EXERCISE INSTRUCTIONS
Every line of the listing that holds the word "with" should be returned.

EXERCISE MATERIAL
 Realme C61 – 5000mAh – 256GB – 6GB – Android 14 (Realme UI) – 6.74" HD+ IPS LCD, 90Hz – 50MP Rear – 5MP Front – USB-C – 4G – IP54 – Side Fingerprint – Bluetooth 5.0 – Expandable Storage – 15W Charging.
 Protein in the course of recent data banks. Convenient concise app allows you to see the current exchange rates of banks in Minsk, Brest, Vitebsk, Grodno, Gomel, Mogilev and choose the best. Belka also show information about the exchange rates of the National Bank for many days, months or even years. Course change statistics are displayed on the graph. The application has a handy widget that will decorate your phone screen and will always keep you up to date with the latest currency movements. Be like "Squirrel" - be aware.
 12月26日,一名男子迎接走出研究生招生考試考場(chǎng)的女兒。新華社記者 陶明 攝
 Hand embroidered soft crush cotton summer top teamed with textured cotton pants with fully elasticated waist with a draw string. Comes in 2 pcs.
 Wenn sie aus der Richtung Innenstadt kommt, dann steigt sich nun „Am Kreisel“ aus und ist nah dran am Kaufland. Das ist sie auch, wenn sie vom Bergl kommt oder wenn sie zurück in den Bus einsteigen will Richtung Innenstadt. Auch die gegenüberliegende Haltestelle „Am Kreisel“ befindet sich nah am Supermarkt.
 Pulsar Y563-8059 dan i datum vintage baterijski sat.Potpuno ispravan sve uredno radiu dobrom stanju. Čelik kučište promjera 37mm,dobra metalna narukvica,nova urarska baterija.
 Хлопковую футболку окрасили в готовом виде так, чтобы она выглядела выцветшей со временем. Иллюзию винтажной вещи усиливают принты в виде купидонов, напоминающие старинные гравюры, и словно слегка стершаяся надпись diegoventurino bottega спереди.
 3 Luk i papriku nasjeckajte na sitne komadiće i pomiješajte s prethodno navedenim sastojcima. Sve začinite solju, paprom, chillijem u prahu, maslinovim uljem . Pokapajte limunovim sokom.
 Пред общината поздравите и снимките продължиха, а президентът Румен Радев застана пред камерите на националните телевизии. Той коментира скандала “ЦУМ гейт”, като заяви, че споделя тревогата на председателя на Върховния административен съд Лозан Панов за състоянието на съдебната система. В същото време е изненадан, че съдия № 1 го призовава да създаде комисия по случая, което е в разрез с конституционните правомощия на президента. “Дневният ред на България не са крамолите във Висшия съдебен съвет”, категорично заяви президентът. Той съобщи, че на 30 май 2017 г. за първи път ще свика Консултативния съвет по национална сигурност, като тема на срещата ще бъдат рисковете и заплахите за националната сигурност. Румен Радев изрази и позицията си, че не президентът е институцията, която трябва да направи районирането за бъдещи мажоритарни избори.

EXERCISE OUTPUT
 Protein in the course of recent data banks. Convenient concise app allows you to see the current exchange rates of banks in Minsk, Brest, Vitebsk, Grodno, Gomel, Mogilev and choose the best. Belka also show information about the exchange rates of the National Bank for many days, months or even years. Course change statistics are displayed on the graph. The application has a handy widget that will decorate your phone screen and will always keep you up to date with the latest currency movements. Be like "Squirrel" - be aware.
 Hand embroidered soft crush cotton summer top teamed with textured cotton pants with fully elasticated waist with a draw string. Comes in 2 pcs.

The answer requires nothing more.